Download "metawibele.cfg" into your current working directory by any one of the following options:
- Option 1: Obtain copies by right-clicking the link and selecting "save link as": metawibele.cfg
- Option 2: Run this command to download the global configuration file:
  $ metawibele_download_config --config-type global

Customize your configurations in "metawibele.cfg" before running MetaWIBELE:

Customize the path of dependent databases (required):

[database]
# The absolute path of uniref databases folder.
uniref_db = 
# The domain databases used by MetaWIBELE. [data_path] provide the absolute path of the domain databases folder; [none] use the default domain databases installed in the metawibele package. [ Default: none ]
domain_db = none

How to run

A typical process runs MetaWIBELE-characterize workflow and then MetaWIBELE-prioritize workflow per dataset.

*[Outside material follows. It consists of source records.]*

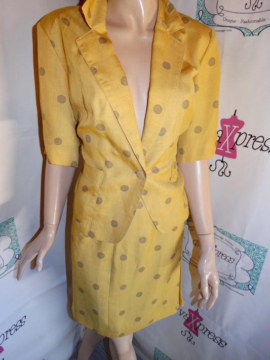 Vintage Mustard Yellow/Brown Polka Dot 2 Piece Skirt Set Size M
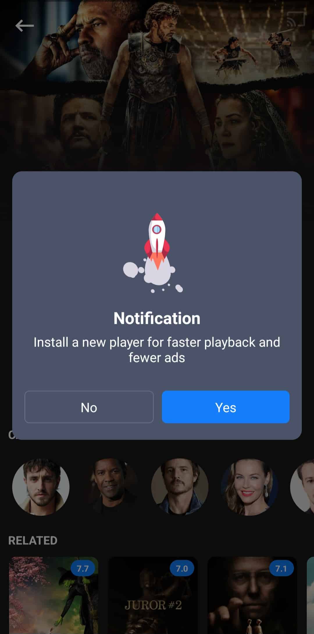 Most of the times while using the HDO Box APK, user normally faces the error and problem simultaneously you can see in the image below. Whenever you see the pop up saying “Install a new player for faster playback and fewer ads” Then tap on “Yes”. This will take you to the additional player on Playstore or App Store which means you will further install the additional player.
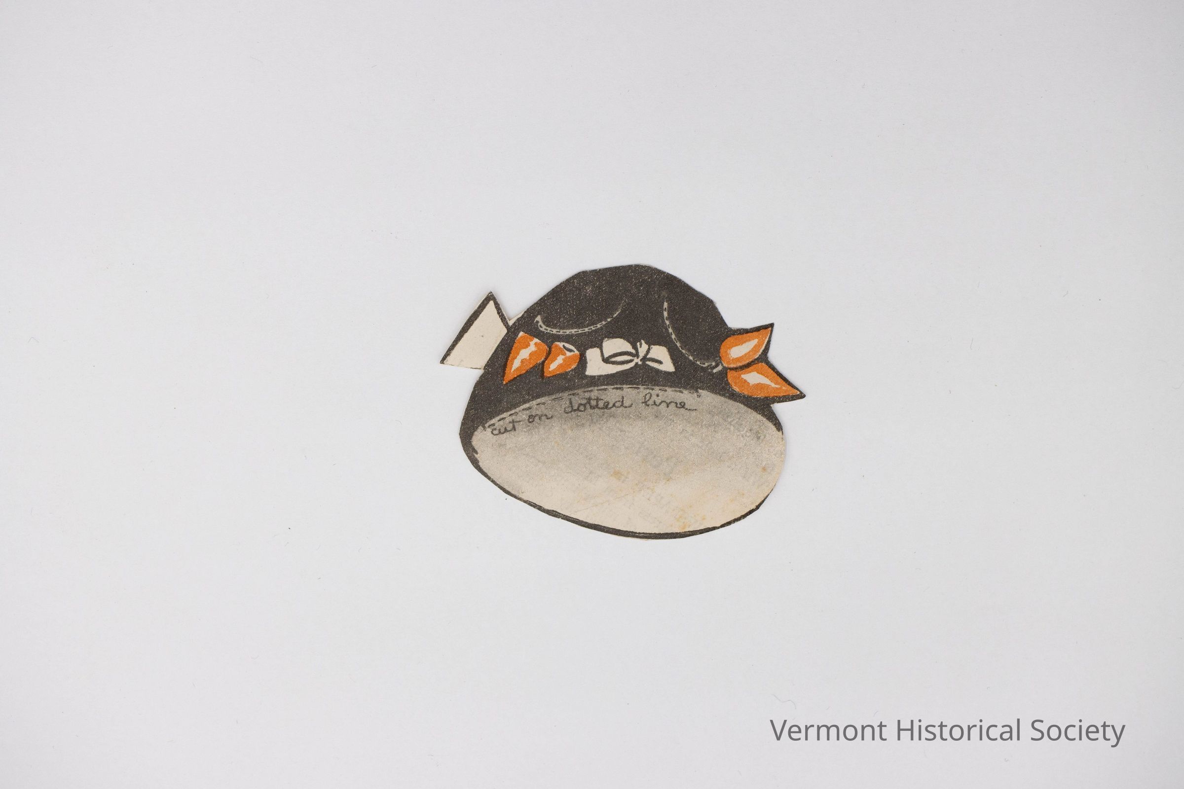 Printed paper hat for a paper doll. The brimless black hat is decorated with orange leaves and a white bow. The back shows a portion of a sales catalog page.Context
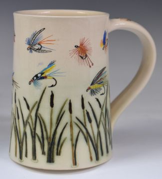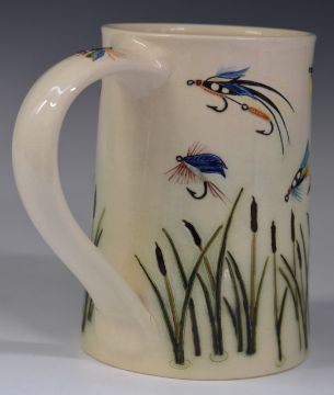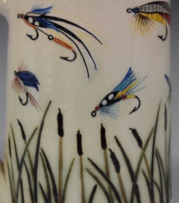 Dennis Chinaworks signed limited edition 6/50 fly fishing tankard with monogram, Southfield and 2001 impressed to base, H14cm
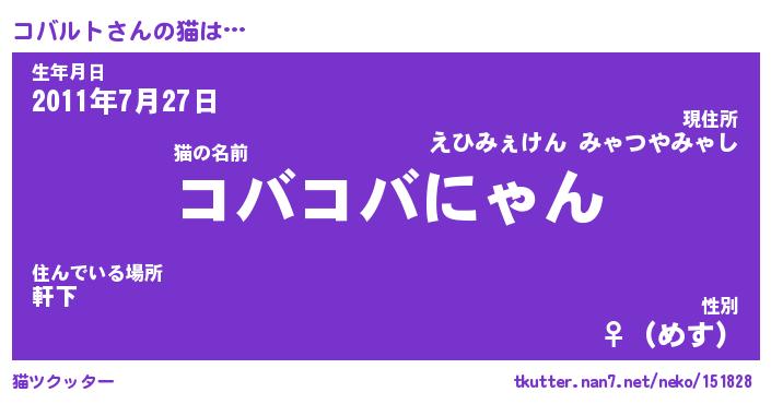 | ファンタジー風あだ名 | 『コバフェル』『エターナルコバルトー』 |
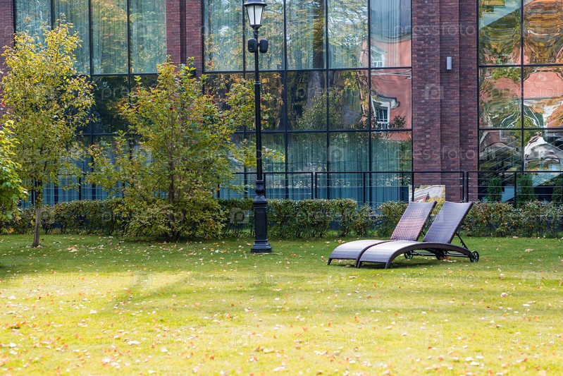Два шезлонга на зеленой лужайке во дворе отеля. концепция отдыха, расслабления и омоложения

For a list of all available workflows, run:

$ metawibele --help

This command yields:

usage: metawibele [-h] [--global-config GLOBAL_CONFIG]
              {characterize,prioritize,preprocess}

MetaWIBELE workflows: A collection of AnADAMA2 workflows

positional arguments:
{profile,characterize,prioritize,preprocess}
                    workflow to run

optional arguments:
-h, --help            show this help message and exit
--global-config GLOBAL_CONFIG the global configuration file of MetaWIBELE (default: None)

NOTE: De default, MetaWIBELE will use the global configurations from “metawibele.cfg” in the current working directory. Alternatively, you can always provide the location of the global configuration file you would like to use with the "--global-config " option to metawibele.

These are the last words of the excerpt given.